Reduced Costs - CSA can be less costly than CSV, as computer system validation requires an extensive amount of documentation and testing to be completed before the system can be approved for use. A time-effective, risk based approach focuses on critical areas of the system by testing and documenting those areas involved in change and that have an identified risk. Therefore, a cost effective approach allows providers to routinely schedule improvement upgrades and, in the case of a good provider, at no extra cost.
More Agile - CSA allows organisations to quickly adapt to changes in business processes and technology without compromising compliance.

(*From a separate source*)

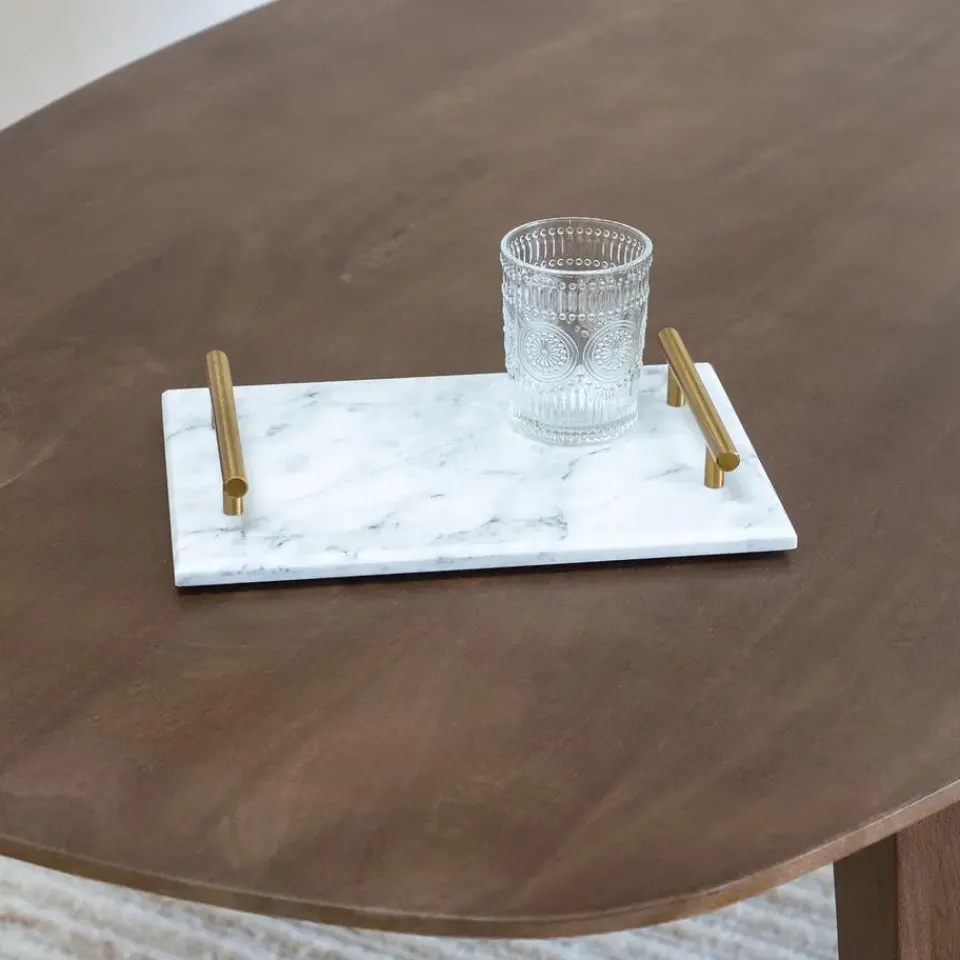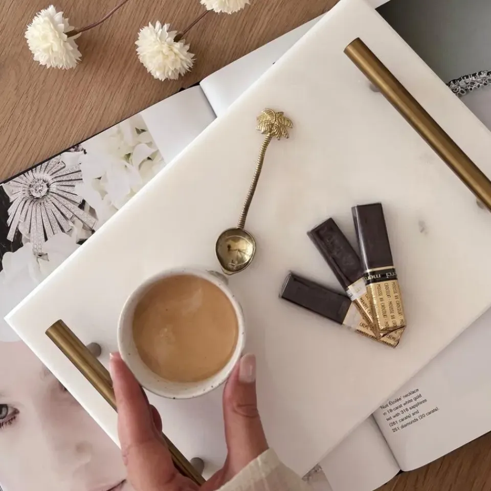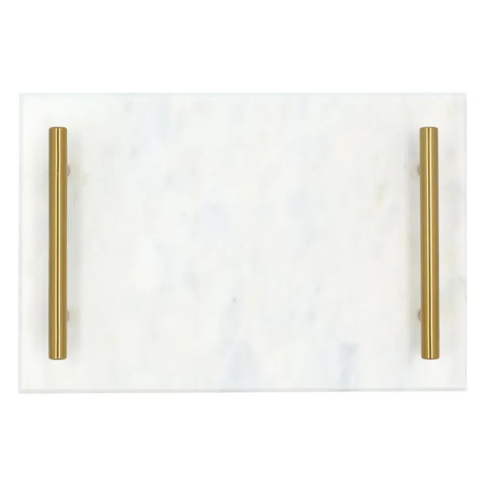 Daar kan dit marmeren dienblad van QUVIO je zeker bij helpen. Het dienblad heeft een luxe uitstraling. De gouden handvaten maken van dit presenteerblad bovendien een echte blikvanger. Gebruik het als decoratief dienblad en je hebt direct een opvallende en chique blikvanger in de kamer. Waar zet jij dit dienblad met gouden handvat neer?

This is particularly important for those who deal with multiple regulatory authorities with differing (and continually evolving) guidelines and where technology, methodology and business practices are advancing.
In conclusion, while both computer system assurance and computer system validation are important approaches to ensure the quality and compliance of computerised systems, one usually suits an organisation better than the other. Ultimately, the end goal should be factored into the decision and the reasoning behind such a choice should be backed by clear intentions.